Map Warper is a tool that allows you to georectify maps. Georectification involves matching control points to align the map image with an existing coordinate system. After plotting corresponding points, the tool warps the historical map (using an algorithm) so that it lines up with the contemporary OpenStreetMap.
For our purposes, it will allow us to build historical map layers, which we can use to examine changes in space and place over time.
- Open Map Warper and create a new account. (Yes, another one!)
- Upload a high-resolution map.
- For today I’ve selected historical maps of Washington, D.C. from the David Rumsey Map Collection.
- Click “Export” and download the highest resolution image.
- In the MapWarper window, click to “Upload Map.” Enter metadata and click to “Create.”
- Click the “Rectify” tab. In the side-by-side interface, you can navigate between each map using the mapping tools on the left. In both map windows, navigate to Washington, D.C.
- Navigation: Click the white triangles to move up/down/left/right.
- Zoom: Click the plus or negative signs to zoom in or out one step. Move the blue slider button to move multiple steps at once. (Note: you may also use your mouse/trackpad to pan and zoom).
- Locate shared points on each map. Use the controls at the top right to add and modify Control Points on each map. (Note: You should add at least three points to rectify. Focus on locating points across the map- not in one single area)
- Add Control Point: Click the small pencil button to add points. Click again on the map to place the marker.
- Move Control Point: Click the arrow button to edit control point positions. Click again on the point to move it. Click to place the point in the new position.

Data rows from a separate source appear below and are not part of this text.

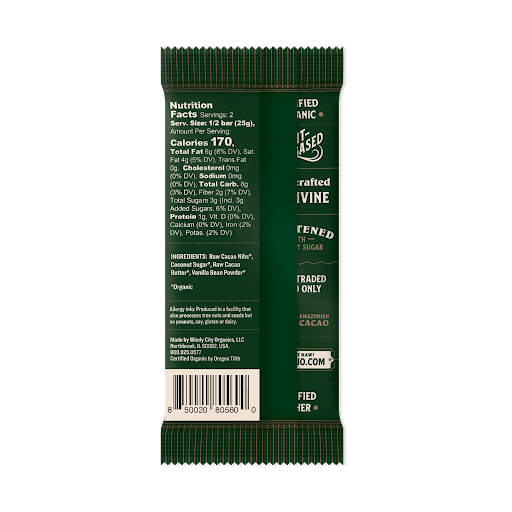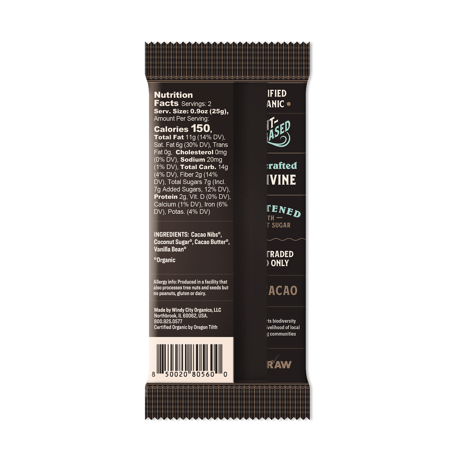 Raw Cacao Nibs°, Coconut Sugar°, Raw Cacao Butter° , Vanillla Bean Powder°.
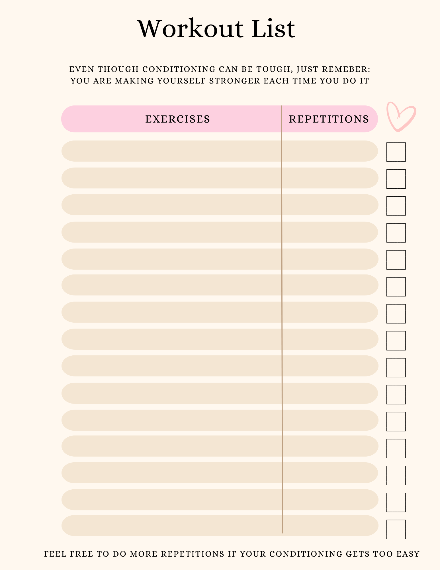 This printable PDF allows you to keep track of your gymnastics or dance conditioning exercises in a fun way. Simply print the PDF, write the exercises you need to do, and check them off once you have completed them.
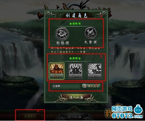 3號紅框處在名稱欄內(nèi)輸入角色名點(diǎn)進(jìn)入山海既可創(chuàng)建角色,如果還沒有想好要用的角色名可以點(diǎn)隨機(jī)起名,選擇一個自己喜歡的。
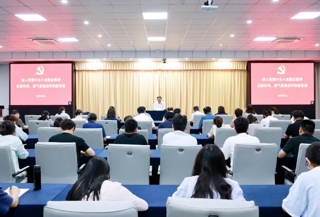 党委组织部讯 根据深入贯彻中央八项规定精神学习教育部署安排,6月25日,学校党委书记邢光围绕“深入贯彻中央八项规定精神,以新作风、新气象推动学校新发展”,为分管部门、联系单位的党员干部、师生党...
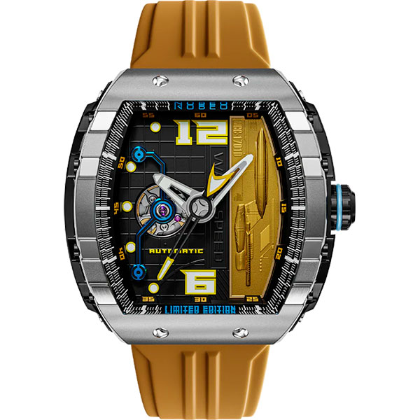 Мужские механические часы с автоподзаводом. Центральные часовая, минутная и секундная стрелки. Черно-золотистый циферблат украшен захватывающим 3D-изображением сбоку культового космического корабля NCC-1701D. Стрелки и часовые метки с покрытием Swiss Newlite. Корпус формы тонно выполнен из нержавеющей стали 316L с частичным черным IP покрытием. Размер корпуса составляет 48 х 51 х 17 мм. Заводная головка с защитой. Бежевый каучуковый ремешок шириной 26 мм, стандартная застежка. Прочное минеральное стекло устойчивое к мелким механическим повреждениям. Водостойкость WR 50 (мытье рук, дождь). Вес 125 г. Лимитированная серия. Коллаборация с культовой франшизой «Звёздный путь».
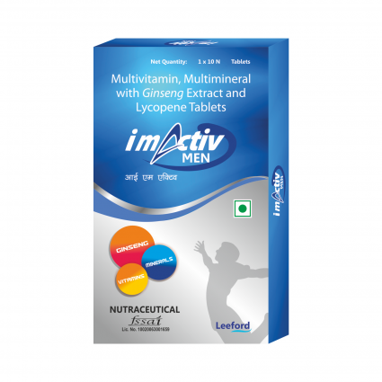DESCRIPTION: IM Activ Men tablet contains all vitamins, minerals along with Lycopene & Ginseng to offer a complete solution in today?s fast paced life. IM Activ Men Enhances physical performance, supports cognitive function, helps in proper metabolism, helps regulate & maintain Immune function, provides antioxidant and nutritional support & supports active and hectic life style of modern era.
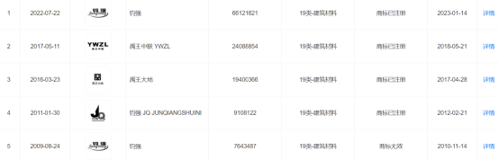 河南省鈞強(qiáng)水泥有限公司注冊(cè)商標(biāo)圖片當(dāng)前狀態(tài)為已注冊(cè),有效期內(nèi)。且同時(shí)擁有“鈞強(qiáng)、禹王大地”等多個(gè)注冊(cè)商標(biāo)。
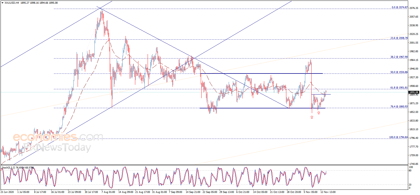 Economies.com在文章中写道,金价今日交易开始后进一步上涨,并接近等待已久的目标价位1901.80美元/盎司。通过仔细观察图表,我们发现金价完成双底形态的构建,我们正等待这一因素推动金价突破上述水平,从而为金价在未来几个交易日继续上涨打开道路,下一目标指向1934.86美元/盎司。
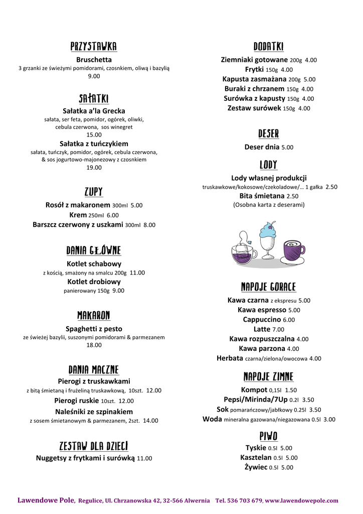 Przystawka Dodatki Bruschetta Ziemniaki gotowane 200g 4.00 Frytki 150g 4.00 Kapusta zasmażana 200g 5.00 Buraki z chrzanem 150g 4.00 Surówka z kapusty 150g 4.00 Zestaw surówek 150g 4.00 3 grzanki ze świeżymi pomidorami, czosnkiem, oliwą i bazylią 9.00 Sałatki Sałatka a’la Grecka sałata, ser feta, pomidor, ogórek, oliwki, cebula czerwona, sos winegret DESER 15.00 Sałatka z tuńczykiem Deser dnia 5.00 sałata, tuńczyk, pomidor, ogórek, cebula czerwona, & sos jogurtowo-‐majonezowy z czosnkiem LODY 19.00 Lody własnej produkcji truskawkowe/kokosowe/czekoladowe/… 1 gałka 2.50 Bita śmietana 2.50 ZUPY Rosół z makaronem 300ml 5.00 Krem 250ml 6.00 Barszcz czerwony z uszkami 300ml 8.00 (Osobna karta z deserami) DANIA GŁÓWNE Kotlet schabowy z kością, smażony na smalcu 200g 11.00 Kotlet drobiowy panierowany 150g 9.00 MAKARON Spaghetti z pesto ze świeżej bazylii, suszonymi pomidorami & parmezanem 18.00 DANIA MACZNE Pierogi z truskawkami z bitą śmietaną i frużeliną truskawkową, 10szt. 12.00 Pierogi ruskie 10szt. 12.00 Naleśniki ze szpinakiem z sosem śmietanowym & parmezanem, 2szt. 14.00 Zestaw dla dziec I Nuggetsy z frytkami i surówką 11.00 NAPOJE GORACE Kawa czarna z ekspresu 5.00 Kawa espresso 5.00 Cappuccino 6.00 Latte 7.00 Kawa rozpuszczalna 4.00 Kawa parzona 4.00 Herbata czarna/zielona/owocowa 4.00 NAPOJE ZIMNE Kompot 0,15l 1.50 Pepsi/Mirinda/7Up 0.2l 3.50 Sok pomarańczowy/jabłkowy 0.25l 3.50 Woda mineralna gazowana/niegazowana 0.5l 3.00 PIWO Tyskie 0.5l 5.00 Kasztelan 0.5l 5.00 Żywiec 0.5l 5.00 Lawendowe Pole, Regulice, Ul. Chrzanowska 42, 32-‐566 Alwernia Tel. 536 703 679, www.lawendowepole.com
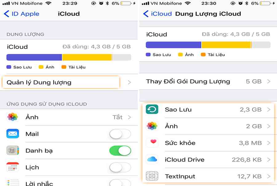 Mặc định Apple sẽ cung ứng cho bạn 5 GB để tàng trữ, đồng điệu thông tin cá thể như : email, tin nhắn, danh bạ, ghi chú, tài liệu ứng dụng, ảnh … Tất nhiên 5 GB là không khi nào đủ cả, vì vậy bạn cần can thiệp và vô hiệu bớt tài liệu ít dùng đến .
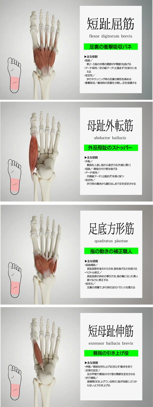 この筋肉は、土踏まずから指の付け根までネットのように広がっています。足の「アーチ」を支えるクッションのような役割をしていて、体重をしっかりと受け止めたり、体がふらつかないようバランスを保ったりしてくれているんです。
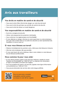This poster provides general information about workers’ health and safety rights and responsibilities. It also outlines what workers should do if they are injured at work, how to start a claim, and how to contact WorkSafeBC for help. Employers should post this notice where all workers will be able to see it.

- Move Around Map: Click the small hand button to easily move around the viewer. Click, hold, and drag to slide the map around. Release to place it.
- Below the map images, click “Control Points” to see a list of points.
- After you have added points, click “Warp Image.” Click the “Preview Map” tab. A “Transparency” slider will allow you to compare the two maps in your window. (Note: you can return to the “Rectify” tab to add/edit points to improve your results.)
- Click the “Export” tab to use your map. For our work, the WMS (Web Map Service) and Tiles capabilities are most useful for use with CartoDB and Neatline.
- GeoTiff – can be opened in QGIS/GIS software
- PNG – can be opened in QGIS/GIS software
- KML – can be opened in Google Earth
- WMS – use the URL to add map layers in CartoDB and Neatline.
- Tiles – use the URL to create tiles in CartoDB. For more info see the Carto blog.
(Lincoln Mullen has put together an excellent tutorial on georectification using Map Warper with helpful tips and additional information on using a georectified map with GoogleEarth and creating map tiles with QGIS.)